TO DO:
Output the lines of the listing below exactly, starting at the line containing "A spooky-themed followup" and stopping after the last line, with any pictures dropped.

GIVEN DATA:

::::

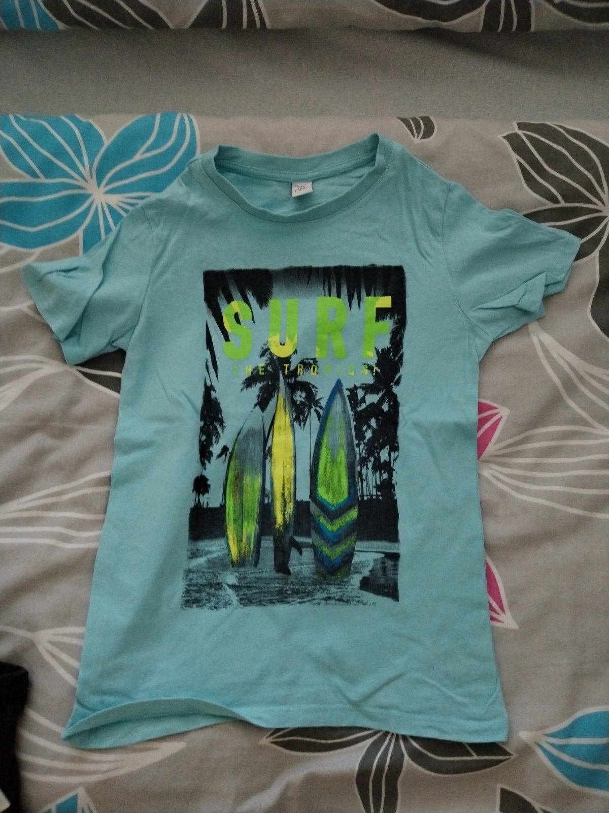 Predam pekne tyrkysove tricko na 7-8 rokov, bez poskodeni
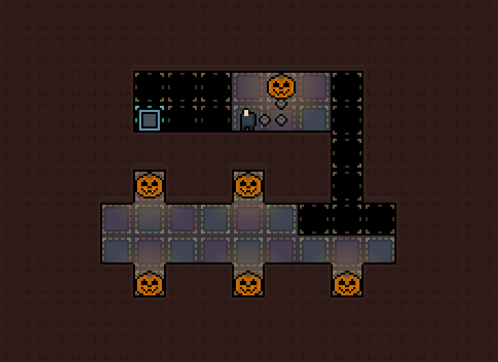 A spooky-themed followup to a game from several years ago - what an original and clever idea! If you haven't played the original game Shackle, I recommend you play that first - partially because it's great, but mostly because this new game assumes you're already familiar with the mechanics from the original. This game introduces pumpkins, which emit light and keep you safe - step outside that light and you'll have to restart. As with Snekburd, the puzzles are excellent but note that the difficulty level is quite high.
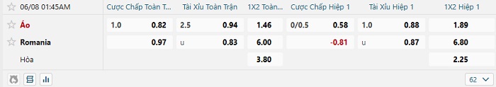 - Kèo tỷ số H2 Áo vs Romania: 1-1

::::

FINAL ANSWER:
 A spooky-themed followup to a game from several years ago - what an original and clever idea! If you haven't played the original game Shackle, I recommend you play that first - partially because it's great, but mostly because this new game assumes you're already familiar with the mechanics from the original. This game introduces pumpkins, which emit light and keep you safe - step outside that light and you'll have to restart. As with Snekburd, the puzzles are excellent but note that the difficulty level is quite high.
 - Kèo tỷ số H2 Áo vs Romania: 1-1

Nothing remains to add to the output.